Let's assume I have a Ruby array with arrays of time/value pairs, like:
[
# about 9:00 AM on consecutive days
[<DateTime: 2014-05-15T09:00:00Z>, 56],
[<DateTime: 2014-05-16T09:06:00Z>, 57],
# ... missing data for May 17th, 2014
# ... missing data for May 18th, 2014
[<DateTime: 2014-05-19T08:57:00Z>, 61],
# ...
]
Notice that (1) the values aren't collected at the same time each day, and (2) some of the values are missing.
I want to normalize the data by:
What's the right way to programmatically do that?
How do you want to interpolate? In your example [58, 59], [58, 60] and [59, 60] would be equally plausible.
The expected value will depend on the interpolation strategy that gets used (e.g., linear, quadratic, etc.), so I can't provide an exact answer.

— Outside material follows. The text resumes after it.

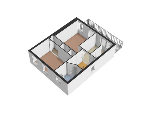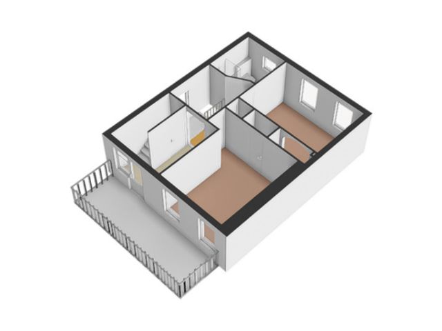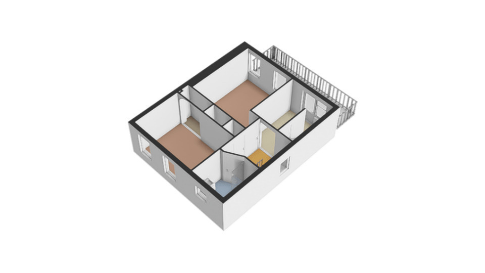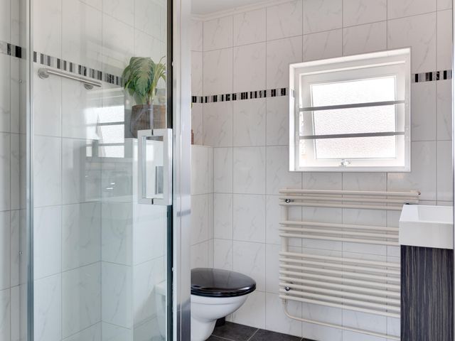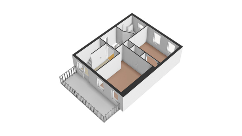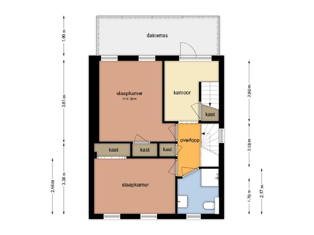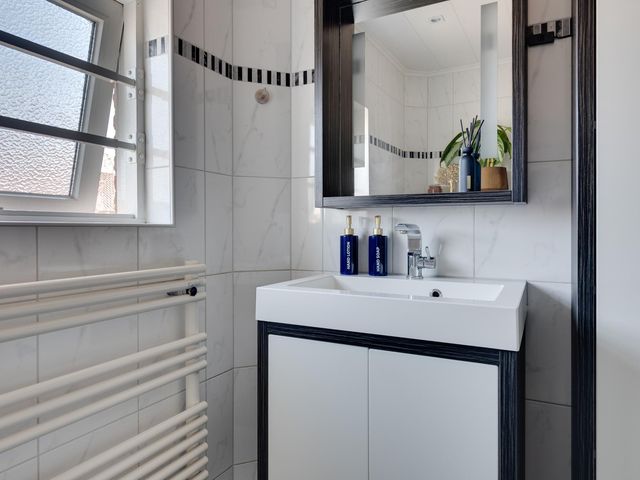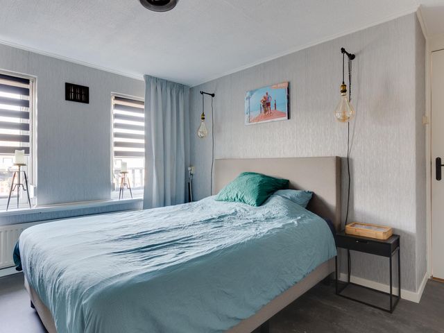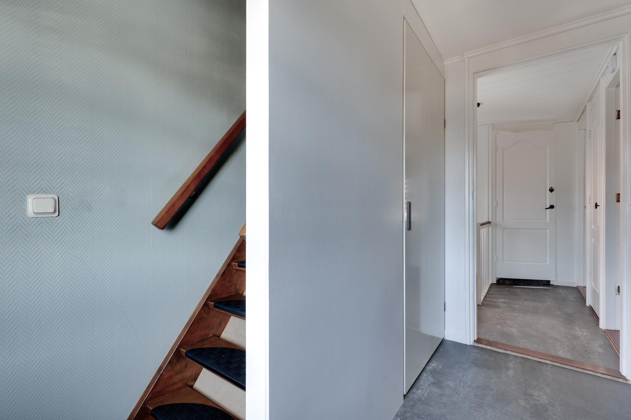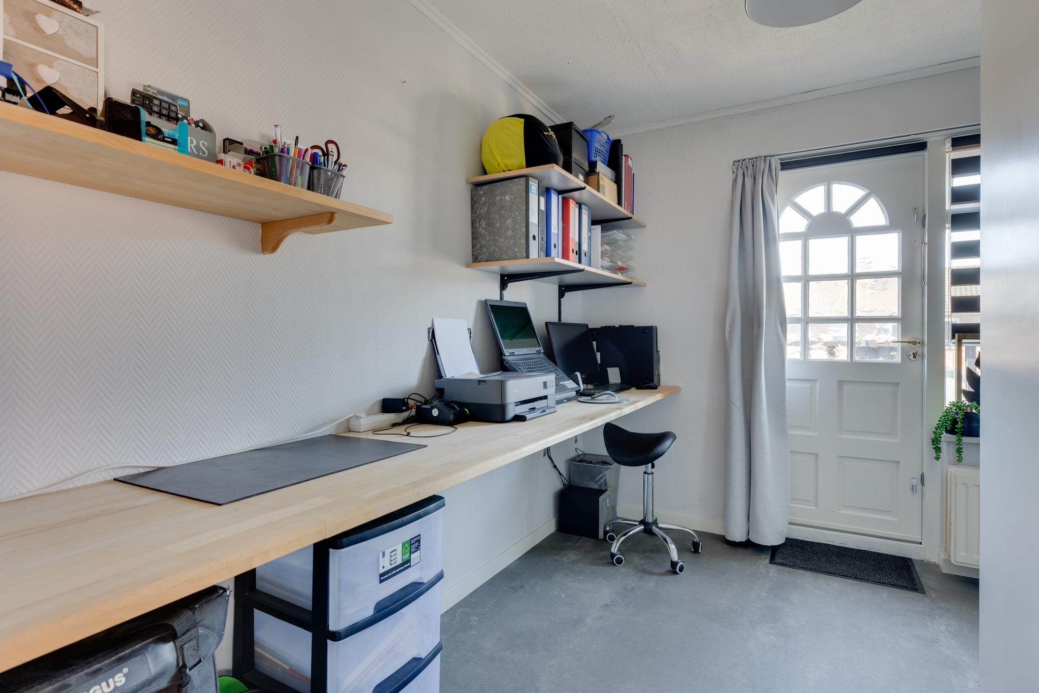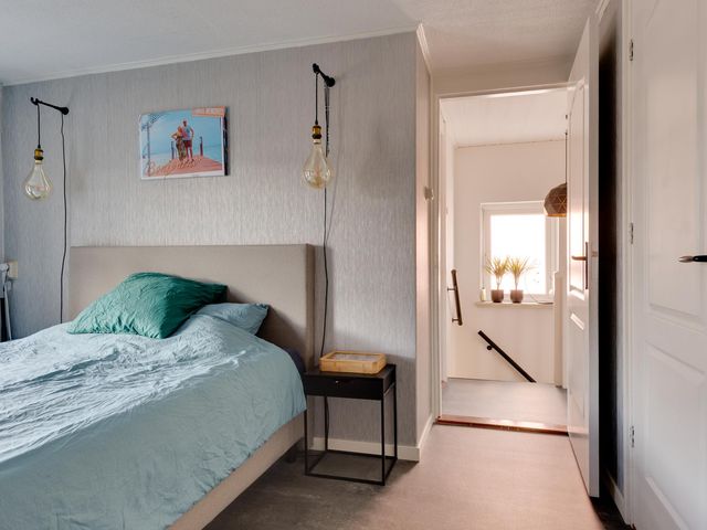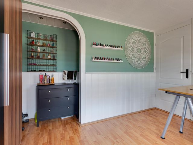 Overloop met inbouwkast en toegang tot de 3 slaapkamers en badkamer. De kleinste van de 3 slaapkamers op deze verdieping is thans in gebruik als kantoortje/werkkamer. Alle 3 slaapkamers zijn voorzien van een inbouwkast. De badkamer beschikt over een inloopdouche, wastafelmeubel, toilet en designradiator. De kantoorruimte/werkkamer biedt toegang tot het dakterras en beschikt ook over een vaste trap naar de tweede verdieping.

I'm willing to accept any interpolation strategy that predicts the original, actual data points with minimal error (e.g. < 0.1%). I'm willing to accept any normalization strategy that results in the timeseries observations being equally spaced.
You could use spline interpolation. Here's an example using the Spliner gem:
require 'date'
require 'spliner'
arr = [
[DateTime.new(2014,5,15,9), 56],
[DateTime.new(2014,5,16,9,6), 57],
[DateTime.new(2014,5,19,8,57), 61]
]
spline = Spliner::Spliner.new(arr.to_h, extrapolate: '10%')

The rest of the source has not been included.